Part of the allure of Notion is the extensive user community, including its raving fans, that has contributed to an endless amount of templates, both free and paid, that can help you get started with Notion with little time wasted.
4. Leadfeeder
Ever wanted to know who was visiting your site? Was it the audience you intended that you are tracking in your analytics, or was it just garbage? Those are among the questions that LeadFeeder looks to help you solve. While more expensive tools on the market will give you insights into buying signals and intent, you need to start somewhere. And with 100 identified companies from the last 7 days you can look to see if accounts you are targeting are reaching and engaging with your content.
5. Mouseflow
If you are looking at building a tech stack and Hubspot is on your list, there is no better UX research tool for your website than Mouseflow. Like many tools in its category, it allows you to watch session replays, view heatmaps from your pages, and uncover friction that goes beyond what you may get in a web analytics tool like Google Analytics.
What we like about Mouseflow better than its competition is its integration with Hubspot. Mouseflow offers two unique abilities that you can integrate with Hubspot. The first is a forms integration. With this integration you can see how far your visitors are progressing with their form submissions and see what fields are causing friction that is preventing submission. The other is an integration to be able to link Hubspot IDs with the session replays to see how particular visitors are engaging with your site. As you build out your ability to track who is visiting your site and form target account lists this will later become an invaluable asset to have at your disposal.
6. Looker Studio (formerly Google Data Studio)
Looker Studio makes an appearance on our list most notably because it provides a powerful reporting system to bring together your data from Google Analytics, Google Search Console, and outside sources to be able to visualize your data to help you make informed decisions. Reports can be generated as charts, graphs, tables, maps, and more. You can even create custom fields with custom calculations to extend the data already being collected by your systems. And when you run out of ideas and need inspiration for a new dashboard or report, you can head over to the Looker Studio Gallery to find the perfect starting point for your next reporting objective.
7. Moz – free SEO tools
As a name that has been synonymous with SEO for many years, Moz has provided professional SEO tools to perform site audits to local tools to help you manage your local listings for better visibility and ranking. Even with a powerful set of tools to grow into, Moz offers some free tools to help you get your foundations set and start to build out an SEO strategy.
Moz’s free SEO tools includes features to help you perform limited keyword research, competitive research, domain analysis, online presence review, and a link explorer to uncover link building opportunities for your website.
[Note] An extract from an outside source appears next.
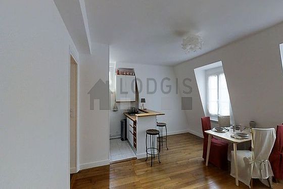 A fim de partilhar suas refeições no ambiente de convivialidade durante sua estância em Paris, este apartamento dispõe de uma agradável sala de jantar que pode acolher até 4 convivas graças a mesa de jantar, armário, 4 cadeira(s).

This is only the beginning…
While these names can begin to help you with your digital strategy, these tools only scrape the surface of the vast martech stack that exists including free tools to help with your strategy. Having worked many years in marketing operations, it’s not about the right tool to get the job done, but it’s about finding the right tool for your team that gets the job done. If you invest in a tool that does not meld with the strengths of your team, you can often struggle to get the full benefit of the application. Digital tools are here to support and empower you to attract, engage, and retain your audience by delighting them at all stages of their customer journey and can do things from helping grow your digital presence, to managing your social identities, orchestrating customer journies, distributing your content, and automating operational tasks.